The SAAR diet and BSO exert tissue-specific effects on Nrf2 and Phgdh. The SAAR diet increased Nrf2 (A) and Phgdh (B) protein expressions in the liver, which ultimately resulted in higher serine concentrations (C). Unlike the SAAR diet, BSO did not increase Nrf2 and Phgdh in the liver but increased both in the kidneys (D, E). Regardless of the changes in Nrf2 and Phgdh, BSO increased serine concentrations in livers and kidneys (C–F). NAC reversed SAAR-induced changes in Nrf2, Phgdh, and serine (A–F). Note: Sample size = 5-6. Statistical methods are similar to those in Figure 2.

Figure 4

BSO decreases hepatic lipid droplet frequency. Hematoxylin and eosin-stained liver sections show a lower frequency of lipid droplets in mice on BSO than in CD but higher than those on the SAAR diet (A). A bar graph of lipid droplet quantification is shown in (B). Gene expression data show that both the SAAR diet and BSO decrease the expression of Cidea (C) and Cidec (D), proteins involved in lipid droplet synthesis.
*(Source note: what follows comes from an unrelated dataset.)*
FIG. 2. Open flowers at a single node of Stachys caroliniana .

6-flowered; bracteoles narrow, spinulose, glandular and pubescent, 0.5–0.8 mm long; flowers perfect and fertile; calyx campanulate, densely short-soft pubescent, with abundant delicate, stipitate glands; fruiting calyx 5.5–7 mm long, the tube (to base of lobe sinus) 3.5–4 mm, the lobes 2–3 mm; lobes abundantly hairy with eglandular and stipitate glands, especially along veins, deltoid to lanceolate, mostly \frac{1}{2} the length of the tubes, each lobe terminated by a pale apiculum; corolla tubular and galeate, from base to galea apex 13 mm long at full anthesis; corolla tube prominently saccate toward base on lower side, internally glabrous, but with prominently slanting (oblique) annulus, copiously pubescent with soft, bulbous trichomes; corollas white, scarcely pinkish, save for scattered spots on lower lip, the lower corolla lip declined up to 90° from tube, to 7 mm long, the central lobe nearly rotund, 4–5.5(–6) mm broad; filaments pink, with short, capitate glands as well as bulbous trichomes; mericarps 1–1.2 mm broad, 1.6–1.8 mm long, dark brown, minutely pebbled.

Unlike the SAAR diet, BSO did not decrease the adipocyte area in epididymal adipose tissue (E, F). NAC reversed all the SAAR-induced changes (A–F). Note: Statistical methods are similar to those in Figure 2. The sample size was 6-7/group.

Figure 5

BSO prevents fat mass gain without affecting lean mass. The SAAR diet and BSO lowered epididymal fat mass (A). However, the SAAR diet exerted a strong effect on total body fat mass compared to the baseline values at week 0 (B); with a concomitant decrease in lean mass (C). Although it did not exert as strong an effect as the SAAR diet on total fat mass (B), BSO did not lower lean mass (C). On the other hand, NAC mice had values similar to those of CD mice (A–C). Note: Statistics and sample size are as mentioned in Figure 1.

Figure 6

BSO decreases the mRNA expression of lipogenic but not lipolytic genes. Similar to the SAAR diet, BSO decreased the mRNA expression of lipogenic genes, including Scd1 (A), Gpam (B), Mogat1 (C), and Mogat2 (D). The SAAR diet, but not BSO, increased the mRNA expression of lipolytic genes like Atgl (E), Ppargc1a (F), Arl8b (G), and Hadhb (H). NAC reversed the effects of the SAAR diet on all these genes. Note: Statistical methods are similar to those in Figure 2. Sample size is as mentioned in Figure 1.

Figure 7

BSO and the SAAR diet induce similar metabolomic profiles in the kidneys. Metabolomics analyses revealed that the SAAR diet induces unique changes in the liver, which were reversed by NAC supplementation (overlap of NAC and CD clusters). (A) Although the BSO-induced changes appear as a cluster separated from CD, the statistical significance was on the borderline. However, BSO-induced changes in the kidney overlapped the SAAR-induced changes, while clusters from the NAC and CD groups overlap, indicating the reversal of SAAR diet-induced changes (B). Heat maps of the metabolites with the most significant changes in the liver and kidney are shown in (C, D).